* Task description:
For the records below, copy exactly the span that begins at the line containing "女性の一人歩き、ハデな服装は事故のもと 甘いことばにも気をつけよう" and stops after the line containing "Portada de la revista Futuro, 1941.", minus any pictures.
(Data extracts begins)
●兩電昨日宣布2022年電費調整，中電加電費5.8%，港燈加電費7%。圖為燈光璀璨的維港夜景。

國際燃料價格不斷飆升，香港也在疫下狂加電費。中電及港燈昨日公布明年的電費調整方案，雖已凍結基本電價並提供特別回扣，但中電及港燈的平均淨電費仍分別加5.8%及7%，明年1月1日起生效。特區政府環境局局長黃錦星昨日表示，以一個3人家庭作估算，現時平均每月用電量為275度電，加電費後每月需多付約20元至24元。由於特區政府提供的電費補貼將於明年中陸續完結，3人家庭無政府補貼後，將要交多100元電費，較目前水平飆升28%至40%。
(Data extracts ends)
(Data extracts begins)
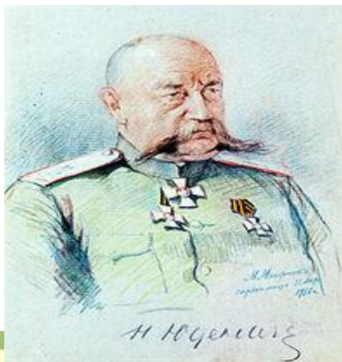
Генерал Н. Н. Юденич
(Data extracts ends)
(Data extracts begins)
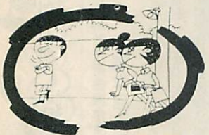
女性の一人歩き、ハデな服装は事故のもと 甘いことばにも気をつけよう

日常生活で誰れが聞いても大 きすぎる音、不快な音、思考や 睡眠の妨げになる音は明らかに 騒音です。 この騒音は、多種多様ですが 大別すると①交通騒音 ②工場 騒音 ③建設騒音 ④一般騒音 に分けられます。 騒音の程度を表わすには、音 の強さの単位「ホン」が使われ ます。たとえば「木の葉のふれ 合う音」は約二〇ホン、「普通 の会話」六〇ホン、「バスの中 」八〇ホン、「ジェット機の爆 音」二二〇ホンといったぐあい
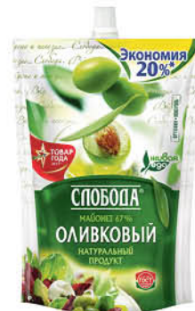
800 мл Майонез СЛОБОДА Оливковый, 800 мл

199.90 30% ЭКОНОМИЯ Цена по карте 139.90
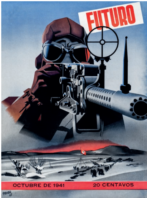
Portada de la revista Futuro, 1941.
(Data extracts ends)
* Output:
女性の一人歩き、ハデな服装は事故のもと 甘いことばにも気をつけよう

日常生活で誰れが聞いても大 きすぎる音、不快な音、思考や 睡眠の妨げになる音は明らかに 騒音です。 この騒音は、多種多様ですが 大別すると①交通騒音 ②工場 騒音 ③建設騒音 ④一般騒音 に分けられます。 騒音の程度を表わすには、音 の強さの単位「ホン」が使われ ます。たとえば「木の葉のふれ 合う音」は約二〇ホン、「普通 の会話」六〇ホン、「バスの中 」八〇ホン、「ジェット機の爆 音」二二〇ホンといったぐあい
800 мл Майонез СЛОБОДА Оливковый, 800 мл

199.90 30% ЭКОНОМИЯ Цена по карте 139.90
Portada de la revista Futuro, 1941.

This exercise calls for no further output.